Directions: In the records below, find the line with "La escala de" and repeat exactly every line from it through the line with "Page:Resources LibraryArrow iconCurriculum:Building". Pictures stay out.

Data provided:
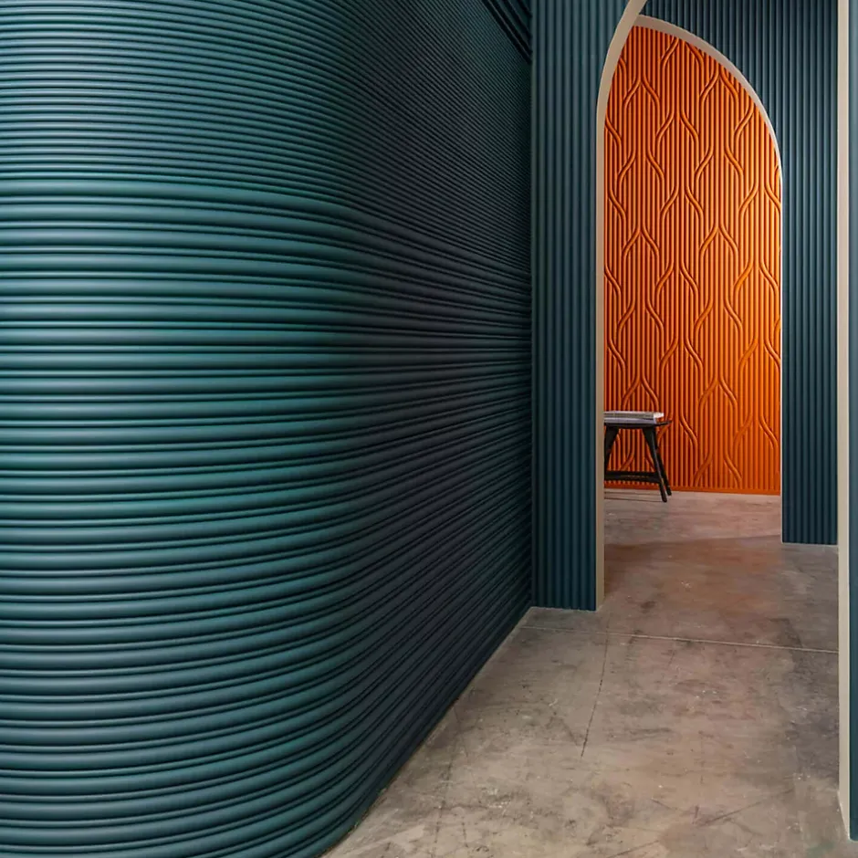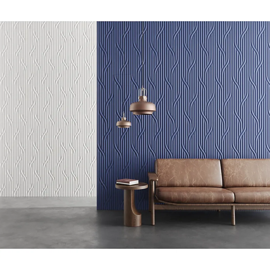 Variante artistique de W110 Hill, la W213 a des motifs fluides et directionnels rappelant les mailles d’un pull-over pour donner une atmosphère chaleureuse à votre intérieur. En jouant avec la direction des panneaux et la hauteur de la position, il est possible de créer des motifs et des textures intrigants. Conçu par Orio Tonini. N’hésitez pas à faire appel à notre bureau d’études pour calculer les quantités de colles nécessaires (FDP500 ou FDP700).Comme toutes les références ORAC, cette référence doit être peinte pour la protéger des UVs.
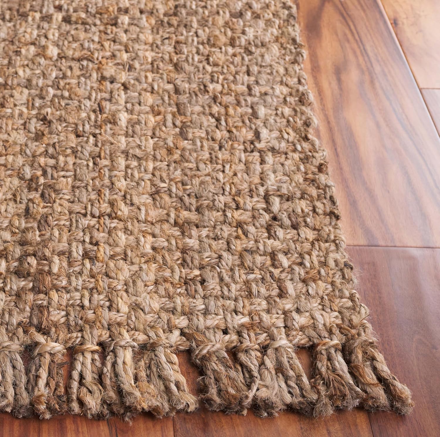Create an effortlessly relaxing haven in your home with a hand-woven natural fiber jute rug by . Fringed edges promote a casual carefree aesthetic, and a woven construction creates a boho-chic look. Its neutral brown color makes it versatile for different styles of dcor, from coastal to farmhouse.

--

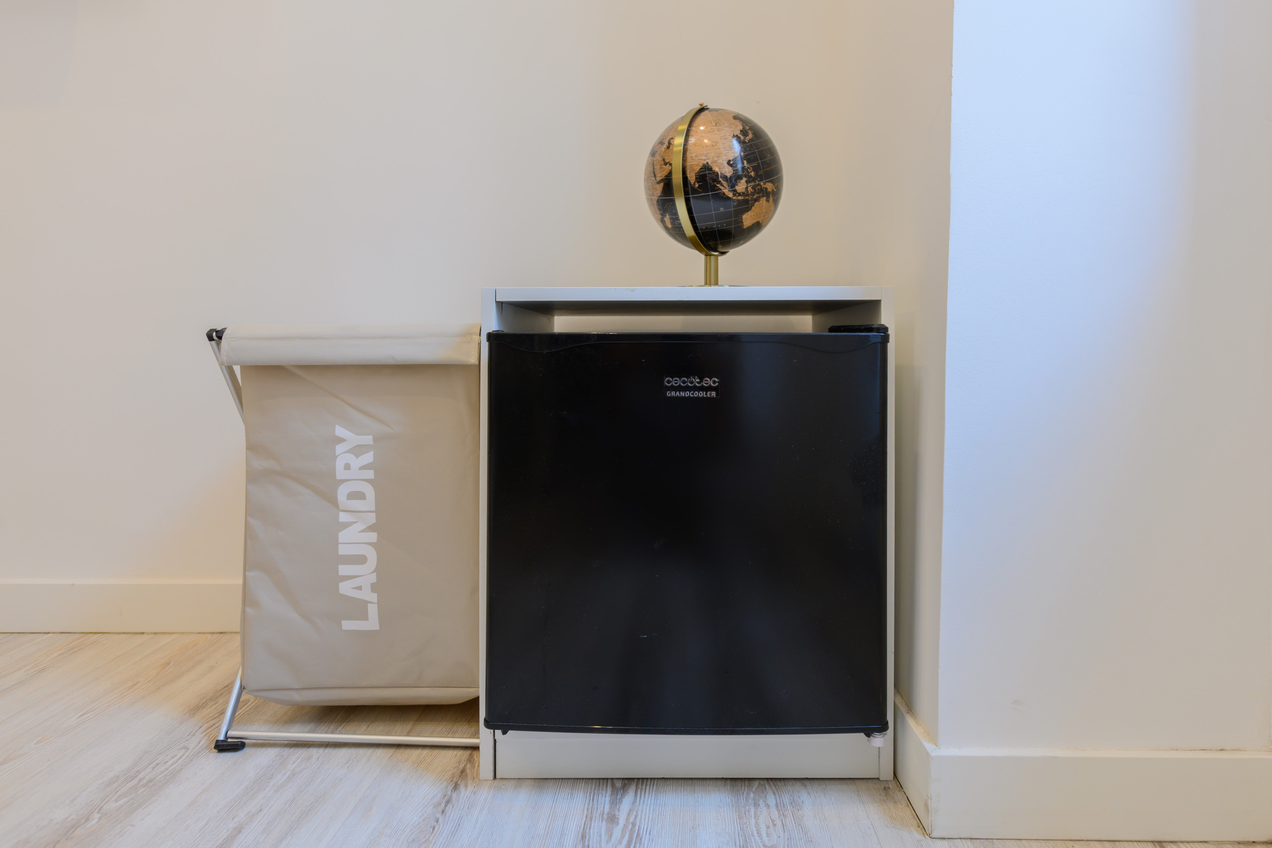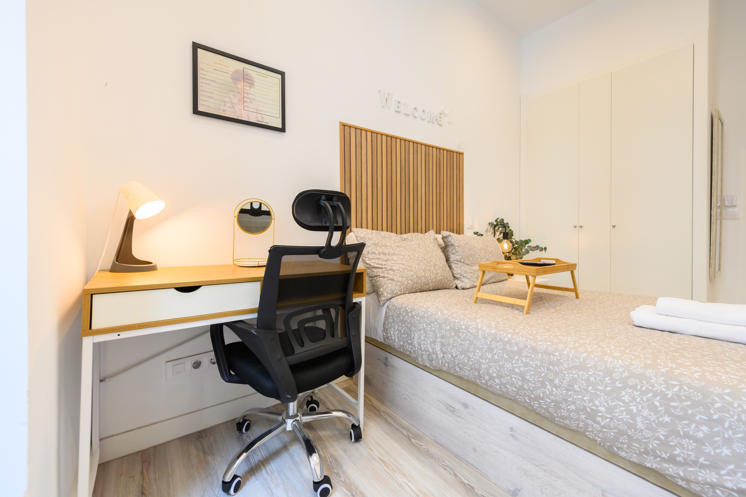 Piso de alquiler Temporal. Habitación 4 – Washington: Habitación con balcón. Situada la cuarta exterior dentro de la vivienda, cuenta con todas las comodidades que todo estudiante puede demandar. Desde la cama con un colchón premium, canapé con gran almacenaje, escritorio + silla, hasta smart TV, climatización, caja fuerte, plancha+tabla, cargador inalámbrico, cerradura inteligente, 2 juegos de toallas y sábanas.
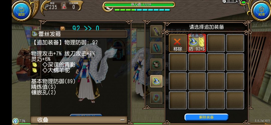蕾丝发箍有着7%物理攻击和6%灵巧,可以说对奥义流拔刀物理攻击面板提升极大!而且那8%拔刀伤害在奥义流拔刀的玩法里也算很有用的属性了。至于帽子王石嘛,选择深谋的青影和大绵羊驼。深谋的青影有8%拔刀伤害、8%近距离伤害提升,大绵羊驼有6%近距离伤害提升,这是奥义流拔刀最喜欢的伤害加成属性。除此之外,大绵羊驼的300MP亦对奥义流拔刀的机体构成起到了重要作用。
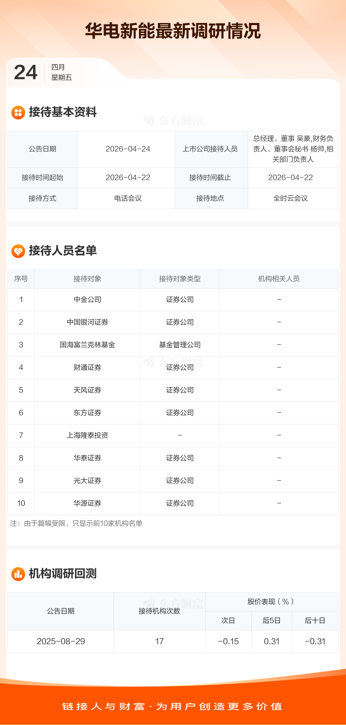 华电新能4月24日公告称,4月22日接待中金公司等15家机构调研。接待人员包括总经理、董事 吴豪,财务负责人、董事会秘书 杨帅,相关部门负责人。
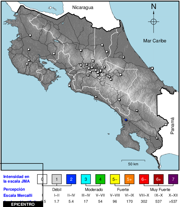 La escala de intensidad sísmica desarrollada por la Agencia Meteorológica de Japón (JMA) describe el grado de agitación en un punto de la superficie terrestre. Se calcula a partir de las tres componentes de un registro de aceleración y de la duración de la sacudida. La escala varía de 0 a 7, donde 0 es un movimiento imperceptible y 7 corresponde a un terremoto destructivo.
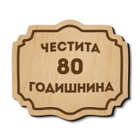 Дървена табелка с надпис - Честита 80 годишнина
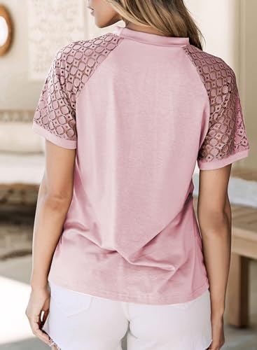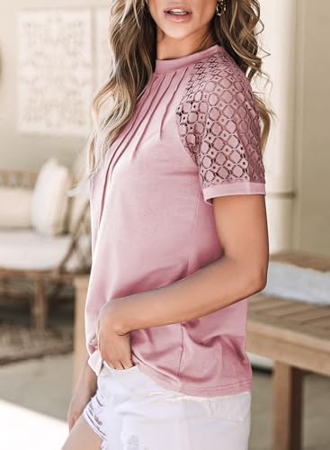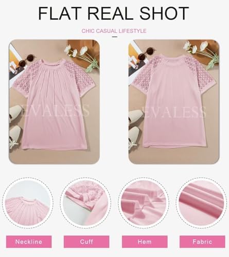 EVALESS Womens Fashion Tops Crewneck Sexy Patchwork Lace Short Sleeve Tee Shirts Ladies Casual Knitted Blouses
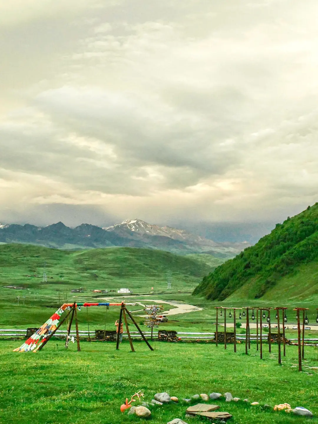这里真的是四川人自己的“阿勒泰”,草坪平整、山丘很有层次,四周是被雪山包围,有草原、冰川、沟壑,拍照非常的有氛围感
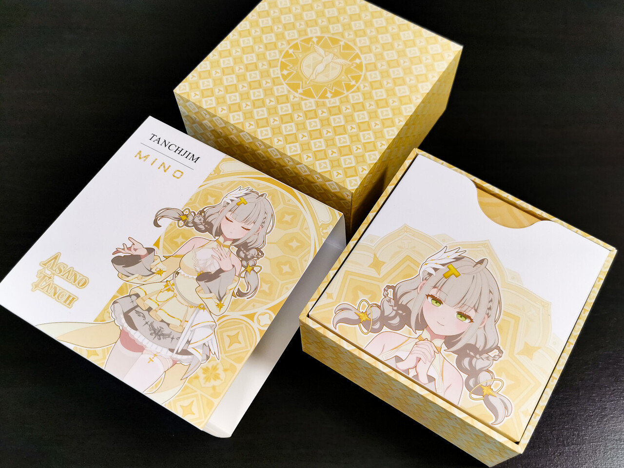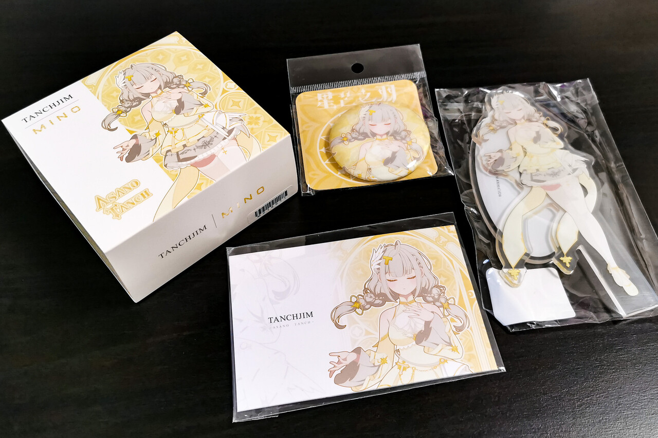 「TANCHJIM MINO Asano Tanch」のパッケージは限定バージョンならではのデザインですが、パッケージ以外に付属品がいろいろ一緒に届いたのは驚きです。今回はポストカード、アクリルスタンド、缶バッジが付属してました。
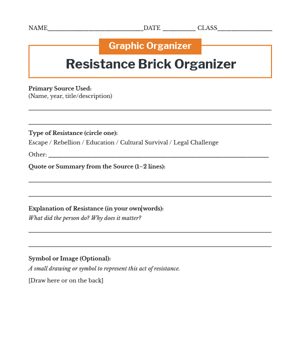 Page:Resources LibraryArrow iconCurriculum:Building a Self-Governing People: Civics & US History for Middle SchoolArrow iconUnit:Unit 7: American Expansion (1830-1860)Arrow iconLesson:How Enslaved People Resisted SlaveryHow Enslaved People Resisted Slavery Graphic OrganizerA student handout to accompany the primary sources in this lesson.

Completed task:
 La escala de intensidad sísmica desarrollada por la Agencia Meteorológica de Japón (JMA) describe el grado de agitación en un punto de la superficie terrestre. Se calcula a partir de las tres componentes de un registro de aceleración y de la duración de la sacudida. La escala varía de 0 a 7, donde 0 es un movimiento imperceptible y 7 corresponde a un terremoto destructivo.
 Дървена табелка с надпис - Честита 80 годишнина
 EVALESS Womens Fashion Tops Crewneck Sexy Patchwork Lace Short Sleeve Tee Shirts Ladies Casual Knitted Blouses
这里真的是四川人自己的“阿勒泰”,草坪平整、山丘很有层次,四周是被雪山包围,有草原、冰川、沟壑,拍照非常的有氛围感
 「TANCHJIM MINO Asano Tanch」のパッケージは限定バージョンならではのデザインですが、パッケージ以外に付属品がいろいろ一緒に届いたのは驚きです。今回はポストカード、アクリルスタンド、缶バッジが付属してました。
 Page:Resources LibraryArrow iconCurriculum:Building a Self-Governing People: Civics & US History for Middle SchoolArrow iconUnit:Unit 7: American Expansion (1830-1860)Arrow iconLesson:How Enslaved People Resisted SlaveryHow Enslaved People Resisted Slavery Graphic OrganizerA student handout to accompany the primary sources in this lesson.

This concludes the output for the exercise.